Üç durumda ne olduğunu hayal edelim: sabit bir gözlemci, ışık hızına yakın bir gözlemci ve ışık hızında hareket eden bir gözlemci.

1) Statik gözlemci. Orada, çevrenizdeki çevreye göre, hala önünüzdeki evrene bakıyorsunuz. Saatiniz her zaman aynı hızda ilerliyor: saniyede bir saniye. İçinde bulunduğunuz ortama bakarsınız. Gördüğünüz saatler sizinle aynı hızda çalışır: saniyede bir saniye. Nesneler gerçek renkleri, gerçek boyutları gibi görünür ve hiçbir davranış sezgiye aykırı değildir. Geriye mi yoksa ileriye mi bakarsanız bakın, her şey uygun görünüyor.

Bu, bu dünyadaki geleneksel deneyiminizdir. Dünya'da tipik insan hızı, ışık hızıyla karşılaştırıldığında önemsizdir. Ses hızına yakın bir hızla uçan bir uçakta bile, ışık hızının yalnızca% 0.0001'i ile uçabilirsiniz. Çevreleyen ortama göre statik konumdan, herkes için tutarlı olan üç boyutlu evreni görebilirsiniz.

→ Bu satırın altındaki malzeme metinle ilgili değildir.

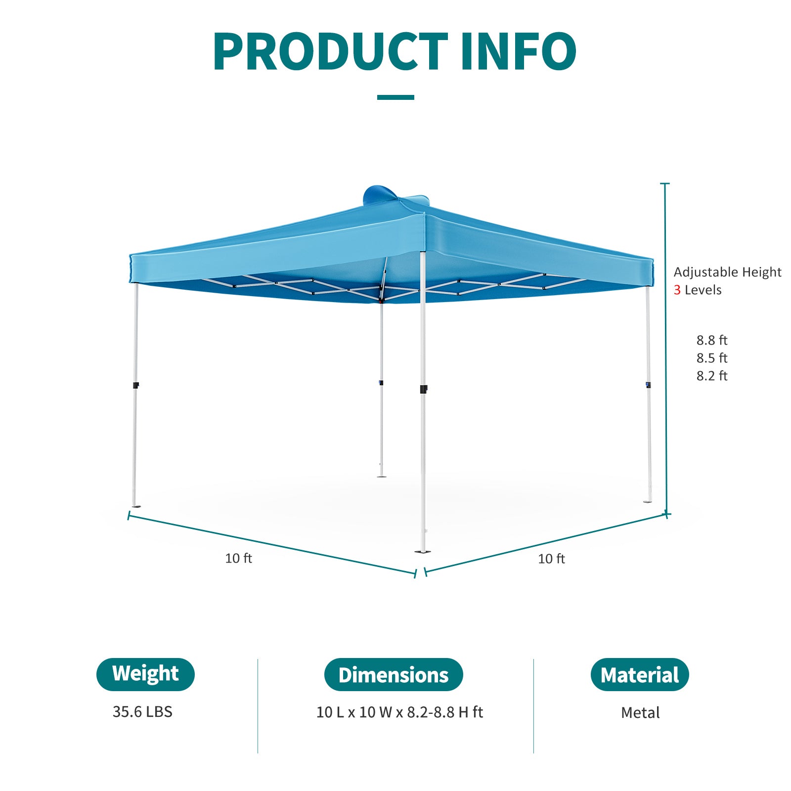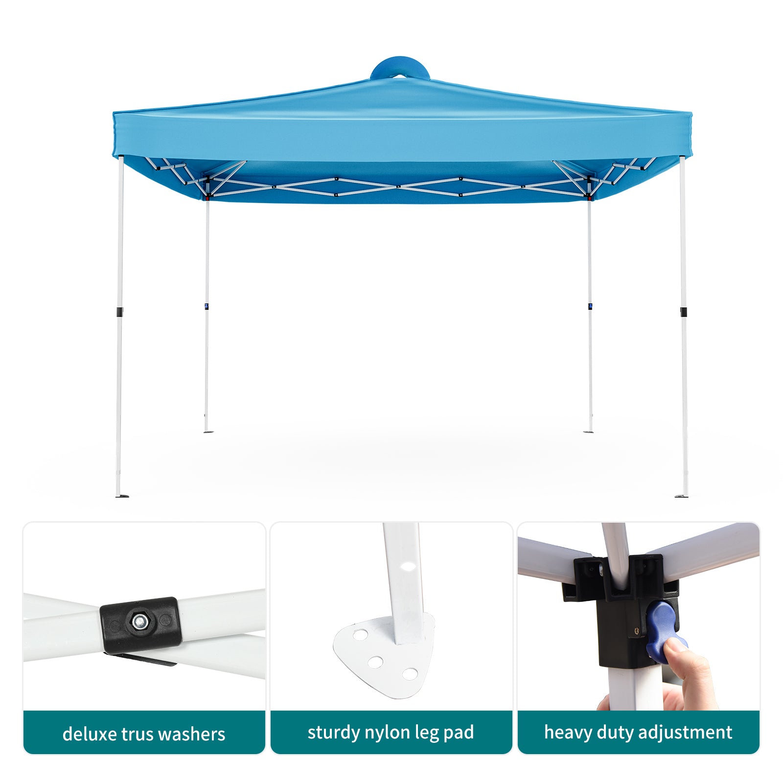 - EASY ONE PERSON SETUP: Easy Pop Up Center Technology design enables One person to easily open and close the canopy from the center without the hassle of locking and unlocking the canopy leg sliders. One pinch-free push, and you’re ready to go!
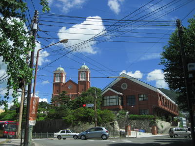 買い物を済ませた後、さて何処に行こ〜? ホントは「龍馬伝」の関係から亀山社中記念館とかに行こうかと思っていたのだけど、あまりに蒸し暑いのでバテそうだし、とりあえずアトムのお散歩も兼ねて平和公園方面へ行く事にしました。
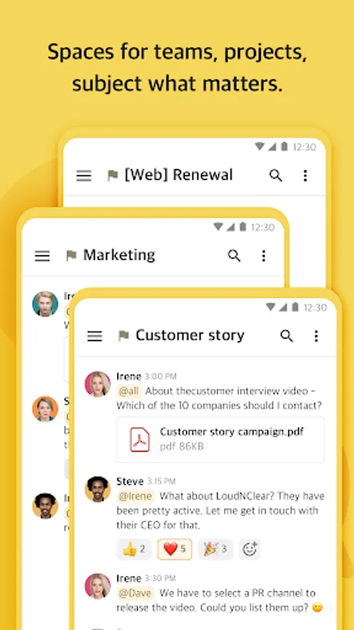 When you already signed up 'Collabee App' which is a team collaboration tool, all spaces in 'Collabee Messenger' automatically will be synced with spaces created on 'Collabee App'. You can continue to make a conversation on the same space with same colleagues. You can also manage 1:1 chat and group chat.

Fotonların iki ayna arasında sıçramasıyla oluşan optik saat, gözlemcinin zamanını belirleyecektir. Özel görelilik teorisi ve tüm deneysel kanıtlar bile kanıtlanamaz, ancak test edilerek doğrulanabilir veya yanlışlanabilir. Bu kurallar yalnızca uzay ve zamanda aynı "olayın" iki gözlemcisi için geçerlidir.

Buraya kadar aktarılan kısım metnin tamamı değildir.